TRY IT: Nothing but the lines from the one containing "Battleship Burke in" to the end of the data should be copied, exactly, and the pictures stay out.

##### RECORDED INFORMATION

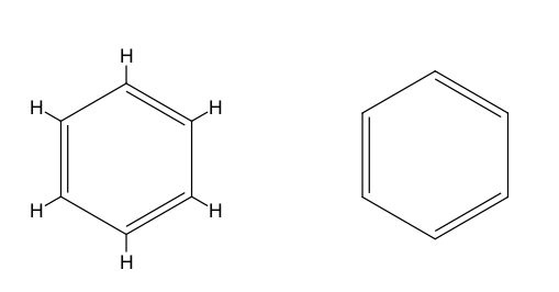 苯的結構表示通常是一個六碳環,帶有三個雙鍵。每個連線兩個其他原子的連線處表示一個碳原子。在苯的化學分子中,這些原子是氫。由於雙鍵被單鍵隔開,我們可以確定該結構包含共軛雙鍵。另一種表示六個π電子的方法是在六邊形內畫一個圓圈。這些影像中的每一個都具有正面和負面特徵。
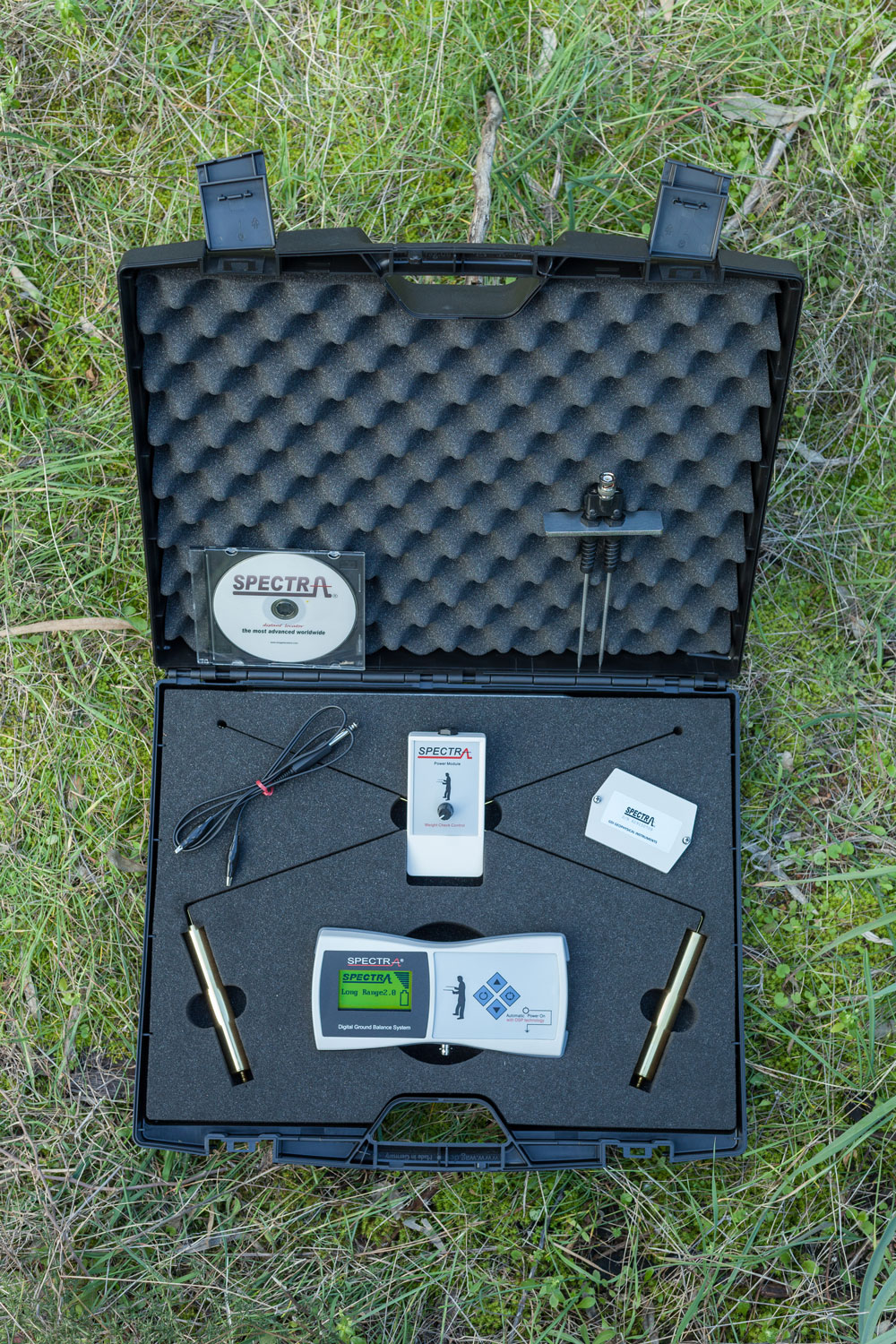 Μετά πολλά έτη πειραματισμού με διάφορες συσκευές, εξελίξαμε αυτό το μικρό και ενισχυμένο πομπό SPECTRA, ικανό να εκπέμπει ράδιο-συχνότητες (RF) με σταθερότητα 0,1Hz, αρκετή ώστε να διεγείρουν μόνον τα επιθυμητά στοιχεία. Αυτή η σταθερότητα στο σήμα της συχνότητας παράγεται από ένα τεχνολογικά εξελιγμένο μικροτσίπ DSP ταχύτητας 40 MIPS ( MIPS = million intsructions per second ) μέσα στο SPECTRA. Το σήμα αποστέλλεται μέσω του εδάφους σε μεγάλες αποστάσεις με διαφορετικές κυματομορφές (παλμούς), που φιλτράρουν τις παρεμβολές απο τα μεταλλεύματα της περιοχής που ερευνάται. Το σήμα εκπέμπεται στο χώμα προς όλες τις κατευθύνσεις. Εξαιτίας αυτής της εκπομπής γίνονται «ορατοί» οι στόχοι. Οι στόχοι μπορούν να ανιχνευθούν προς όλες τις κατευθύνσεις, και ο χειριστής δεν περιορίζεται να ανιχνεύσει προς μία συγκεκριμένη κατεύθυνση.
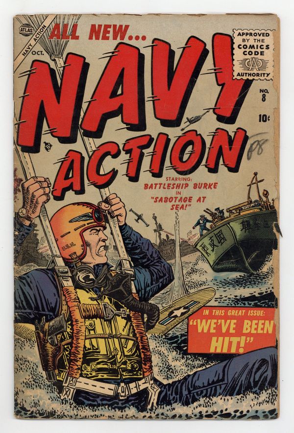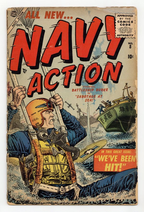 Battleship Burke in an untitled story (art by Joe Maneely), "We've Been Hit" (art by Mort Lawrence), "The Rockets Roar" (art by Gene Colan), "The Big Night," and a two-page text story, "The Great Defeat." Cover price $0.10.
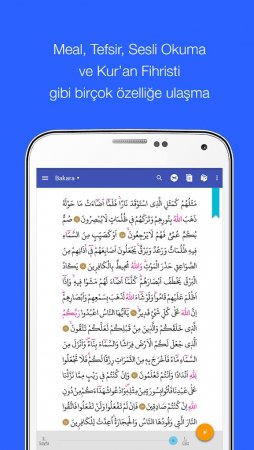 Yeni Diyanet İşleri Başkanlığı Android Kur'an-ı Kerim Uygulaması Diyanet İşleri Başkanlığı tarafından hazırlanmış Android Kur'an-ı Kerim uygulamasıdır. Bu güzel uygulama Kur'an-ı Kerim'i ve mealini okumak için, istenilen surenin istenilen ayetine kolayca erişmenizi sağlamak gayesi ile anlaşılır ve kolay kullanılır olarak sizlerin kullanımına sunulmuştur. Diyanet Kur'an-ı Kerim Özellikleri:· Kur'an-ı Kerim; Sure, Cüz, Ayet ve Hatim okuma.· Konularına göre Kur'an-ı Kerim fihristi.· Sure Ayet Arama.· Ayet ve Sayfa tekrarı.· Sureler ile ilgili özet bilgiler.· Notlar ve Kaldığınız yerleri yönetebilmek için yer imleri.· İstenilen Ayeti Arapça ve Türkçe e-mail gönderebilme.· Ayet meal görebilme. NOT: Uygulama orijinal boyutu 564 MB'tır. Wifi bağlantı ile indirmeniz tavsiye olunur! Bu uygulama Diyanet İşleri Başkanlığı tarafından hazırlanmış olup, Kur'an-ı Kerim’in meal ve tefsiriyle birlikte okunmasına yönelik istifadenize sunulmuştur. Özellikleri : * Kur'an-ı Kerim; Sure, Cüz, Ayet ve Hatim okuma. * Konularına göre Kur'an-ı Kerim fihristi. * Sure, Cüz ve Ayet Arama * Sureleri, alfabetik, Kur’an’daki sırasına ve iniş sırasına göre sıralama özelliğ * Sureler ile ilgili özet bilgiler * Gelişmiş İnteraktif Arama Özelliği: Uygulama içerisinde yer alan kelimeleri hem Arapça hem de Türkçe arama özelliği. * Kur’an Fihristi * Ayetlerle ilgili kişisel fihrist oluşturabilme * Kur’an’da yer alan secde ayetlerini görebilme * Kur’an Sözlüğü * Gelişmiş yer imi özelliği. Çeşitli renklendirme ile yer imi oluşturabilme * İnteraktif notlar özelliği. * Yatay-dikey ekran desteği * Gece okuma özelliği * İstenilen Ayeti Arapça ve Türkçe olarak paylaşabilme * Ayet-Ayet meal ve tefsir görebilme * Kur’an sayfalarında hızlı sayfa ve cüz erişimleri * Kur’an sayfalarının arkasındaki temaları değiştirebilme * Ekran parlaklığını ayarlayabilme * Font büyüklüklerini değiştirebilme |

##########

EXERCISE RESPONSE:
 Battleship Burke in an untitled story (art by Joe Maneely), "We've Been Hit" (art by Mort Lawrence), "The Rockets Roar" (art by Gene Colan), "The Big Night," and a two-page text story, "The Great Defeat." Cover price $0.10.
 Yeni Diyanet İşleri Başkanlığı Android Kur'an-ı Kerim Uygulaması Diyanet İşleri Başkanlığı tarafından hazırlanmış Android Kur'an-ı Kerim uygulamasıdır. Bu güzel uygulama Kur'an-ı Kerim'i ve mealini okumak için, istenilen surenin istenilen ayetine kolayca erişmenizi sağlamak gayesi ile anlaşılır ve kolay kullanılır olarak sizlerin kullanımına sunulmuştur. Diyanet Kur'an-ı Kerim Özellikleri:· Kur'an-ı Kerim; Sure, Cüz, Ayet ve Hatim okuma.· Konularına göre Kur'an-ı Kerim fihristi.· Sure Ayet Arama.· Ayet ve Sayfa tekrarı.· Sureler ile ilgili özet bilgiler.· Notlar ve Kaldığınız yerleri yönetebilmek için yer imleri.· İstenilen Ayeti Arapça ve Türkçe e-mail gönderebilme.· Ayet meal görebilme. NOT: Uygulama orijinal boyutu 564 MB'tır. Wifi bağlantı ile indirmeniz tavsiye olunur! Bu uygulama Diyanet İşleri Başkanlığı tarafından hazırlanmış olup, Kur'an-ı Kerim’in meal ve tefsiriyle birlikte okunmasına yönelik istifadenize sunulmuştur. Özellikleri : * Kur'an-ı Kerim; Sure, Cüz, Ayet ve Hatim okuma. * Konularına göre Kur'an-ı Kerim fihristi. * Sure, Cüz ve Ayet Arama * Sureleri, alfabetik, Kur’an’daki sırasına ve iniş sırasına göre sıralama özelliğ * Sureler ile ilgili özet bilgiler * Gelişmiş İnteraktif Arama Özelliği: Uygulama içerisinde yer alan kelimeleri hem Arapça hem de Türkçe arama özelliği. * Kur’an Fihristi * Ayetlerle ilgili kişisel fihrist oluşturabilme * Kur’an’da yer alan secde ayetlerini görebilme * Kur’an Sözlüğü * Gelişmiş yer imi özelliği. Çeşitli renklendirme ile yer imi oluşturabilme * İnteraktif notlar özelliği. * Yatay-dikey ekran desteği * Gece okuma özelliği * İstenilen Ayeti Arapça ve Türkçe olarak paylaşabilme * Ayet-Ayet meal ve tefsir görebilme * Kur’an sayfalarında hızlı sayfa ve cüz erişimleri * Kur’an sayfalarının arkasındaki temaları değiştirebilme * Ekran parlaklığını ayarlayabilme * Font büyüklüklerini değiştirebilme |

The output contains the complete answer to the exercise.